Rubenstein provides two examples to support his argument.

The first one concerns John Paulson, a billionaire hedge fund manager.

With the large mortgage transaction, short, John Paulson conducted a well-known move where he allegedly defied expectations and made about $20 billion, according to Rubenstein.

Then there is the tale of Michael Novogratz, who is currently the CEO of the sizable cryptocurrency fund Galaxy Investment Partners.

Mike Novogratz entered the cryptocurrency market at a time when many people thought it was horrible.

 He profited greatly from that. He clearly lost money, but he still made a lot and still has a lot of cryptocurrencies.

Rubenstein has defied accepted wisdom himself.

When others recommended against it because “Washington is a government city,” he founded a private equity firm in Washington, D.C.

 He did, however, succeed in turning the company around “with the support of many others.”

To go against it, you need to look at what is a tendency

Knowing what common wisdom is a prerequisite for defying it.

The common view, according to Rubenstein, is that the economy is on the verge of going into a recession, the Fed will keep raising interest rates, and there may not be much room for further gains in the stock market.

He points out that according to current common thinking, “tech stocks or cryptocurrencies are not expected to have a lot of equity upside.”

This year, tech equities have taken a beating. In contrast to the S&P 500’s 17% decline in 2022, the tech-heavy Nasdaq Composite fell a more agonizing 25%.

Even worse conditions exist in the world of cryptocurrency. The biggest cryptocurrency in the world, Bitcoin, has dropped a startling 60% so far this year.
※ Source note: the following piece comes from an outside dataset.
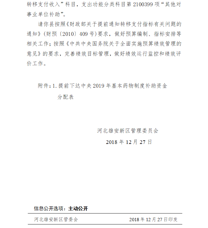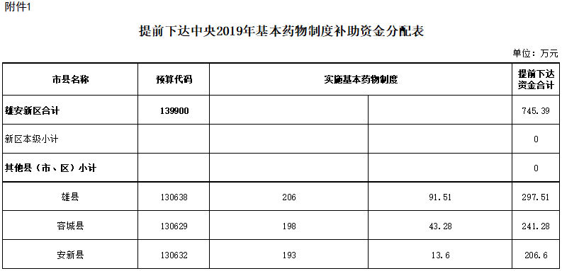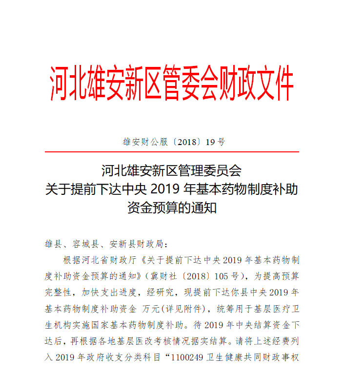 現將雄安新區提前下達中央2019年基本藥物制度補助資金預算資金分配結果予以公告,如有異議,請向以下部門提出意見。

This is what common sense says. Will you follow it?

Have a work ethic

Like most everything in life, successful investors typically put in a lot of effort.

Nobody works from nine to five; instead, Rubenstein claims that people tend to arrive later and depart earlier. They are workaholics, not people.

More than simply money is involved. Rubenstein notes that even if these people are already wealthy and have achieved success, they continue to put in a lot of effort because they are passionate about what they do.

He says that for these folks, investment is enjoyable rather than work. And they would continue to do it even if they weren’t earning as much of the massive sums of money they were.

So, it is possible and relatively simple to become rich, however, it takes hard work and sometimes, the strong will to swim against the tide.

If it was so easy, everyone was rich.